=== Begin Enclosure ===
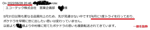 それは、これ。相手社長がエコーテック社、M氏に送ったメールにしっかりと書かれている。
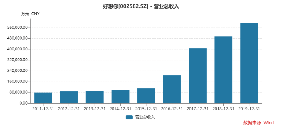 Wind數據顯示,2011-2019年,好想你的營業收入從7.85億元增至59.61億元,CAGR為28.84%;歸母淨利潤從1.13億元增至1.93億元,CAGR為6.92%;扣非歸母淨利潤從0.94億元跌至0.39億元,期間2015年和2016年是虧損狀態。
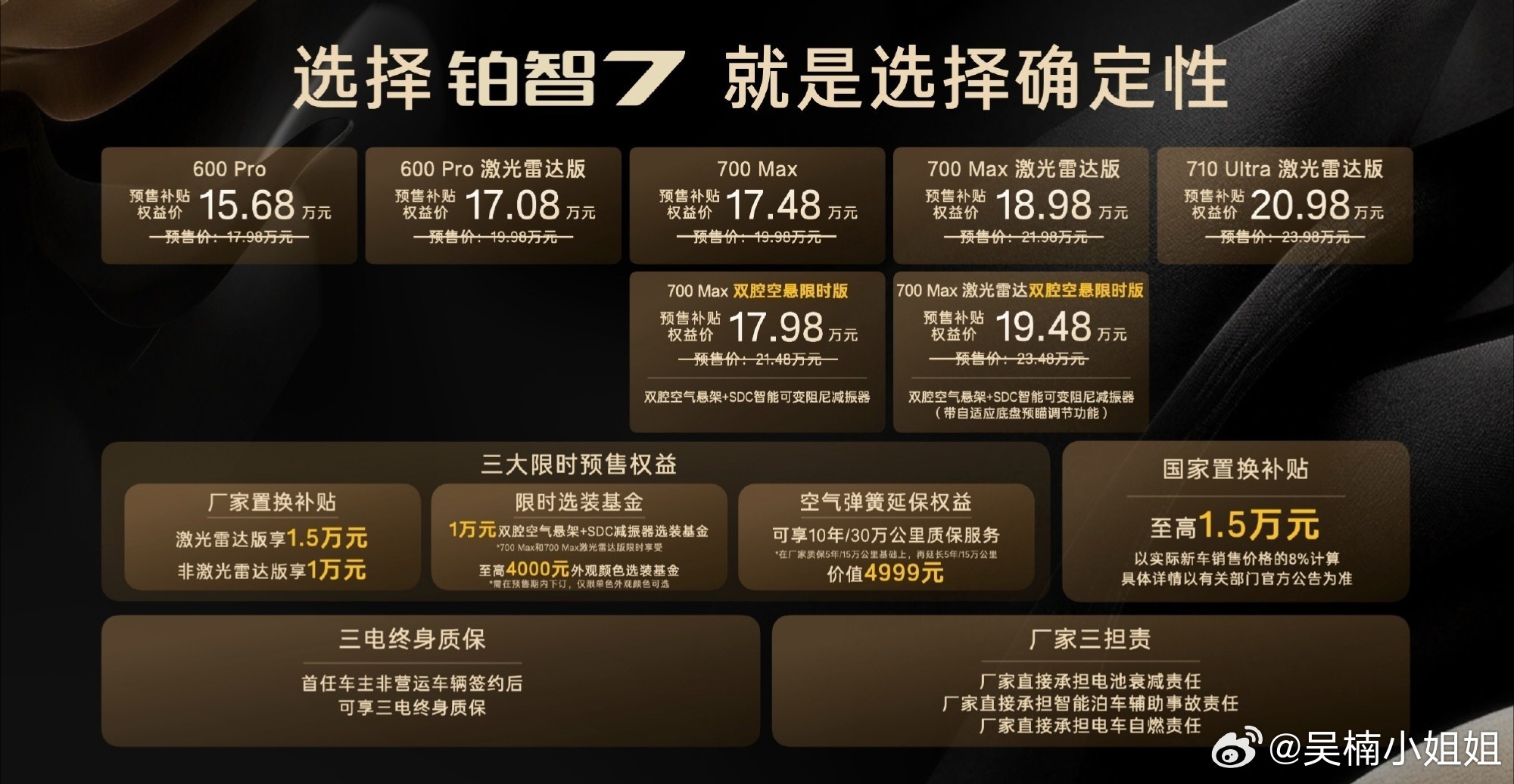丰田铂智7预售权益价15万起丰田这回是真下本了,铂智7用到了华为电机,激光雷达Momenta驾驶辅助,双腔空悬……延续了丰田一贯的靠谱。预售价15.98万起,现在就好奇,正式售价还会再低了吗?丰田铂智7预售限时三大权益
=== End Enclosure ===
=== Begin Enclosure ===
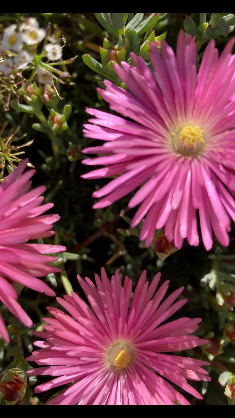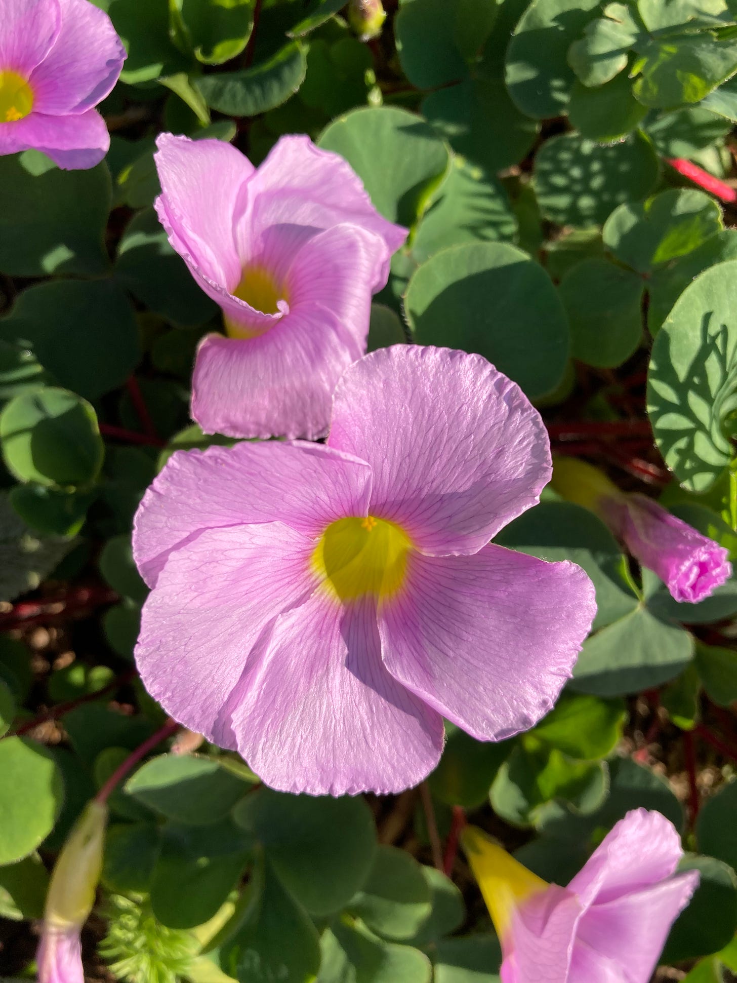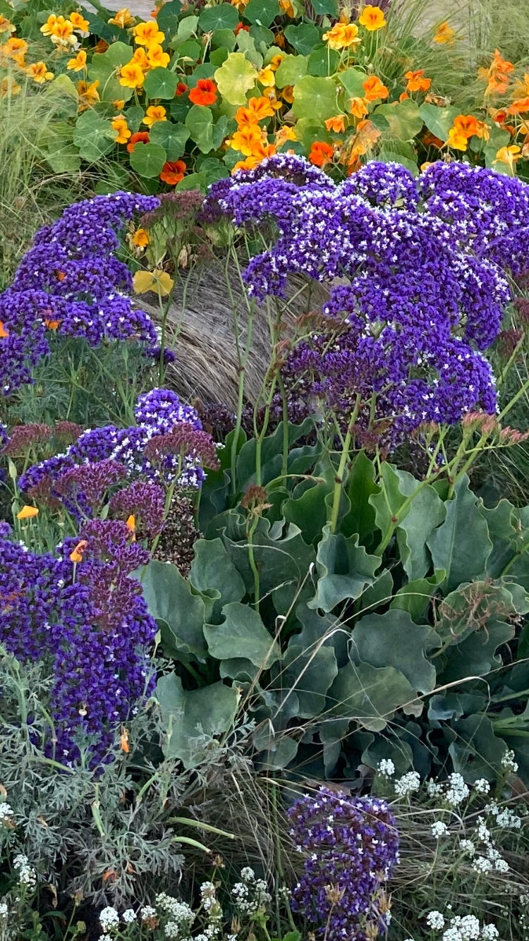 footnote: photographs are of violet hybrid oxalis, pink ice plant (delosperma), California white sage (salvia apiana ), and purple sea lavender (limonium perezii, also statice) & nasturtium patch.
=== End Enclosure ===
=== Begin Enclosure ===
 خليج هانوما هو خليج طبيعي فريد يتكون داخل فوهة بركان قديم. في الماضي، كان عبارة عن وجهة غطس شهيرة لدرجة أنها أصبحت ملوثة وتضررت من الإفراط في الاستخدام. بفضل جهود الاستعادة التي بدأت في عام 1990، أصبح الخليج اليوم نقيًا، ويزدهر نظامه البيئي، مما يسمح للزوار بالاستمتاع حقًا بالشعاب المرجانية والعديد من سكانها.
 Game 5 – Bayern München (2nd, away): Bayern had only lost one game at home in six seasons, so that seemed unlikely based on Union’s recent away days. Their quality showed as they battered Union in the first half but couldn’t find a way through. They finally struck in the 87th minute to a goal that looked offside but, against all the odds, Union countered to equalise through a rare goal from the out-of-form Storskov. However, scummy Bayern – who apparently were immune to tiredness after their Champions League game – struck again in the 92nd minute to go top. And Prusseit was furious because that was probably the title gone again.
=== End Enclosure ===
Up in the listing, locate the line with "それは、これ。相手社長がエコ"; print it and every line after it down to the line with "丰田铂智7预售权益价15万起", which is included too. Skip the pictures.

 それは、これ。相手社長がエコーテック社、M氏に送ったメールにしっかりと書かれている。
 Wind數據顯示,2011-2019年,好想你的營業收入從7.85億元增至59.61億元,CAGR為28.84%;歸母淨利潤從1.13億元增至1.93億元,CAGR為6.92%;扣非歸母淨利潤從0.94億元跌至0.39億元,期間2015年和2016年是虧損狀態。
丰田铂智7预售权益价15万起丰田这回是真下本了,铂智7用到了华为电机,激光雷达Momenta驾驶辅助,双腔空悬……延续了丰田一贯的靠谱。预售价15.98万起,现在就好奇,正式售价还会再低了吗?丰田铂智7预售限时三大权益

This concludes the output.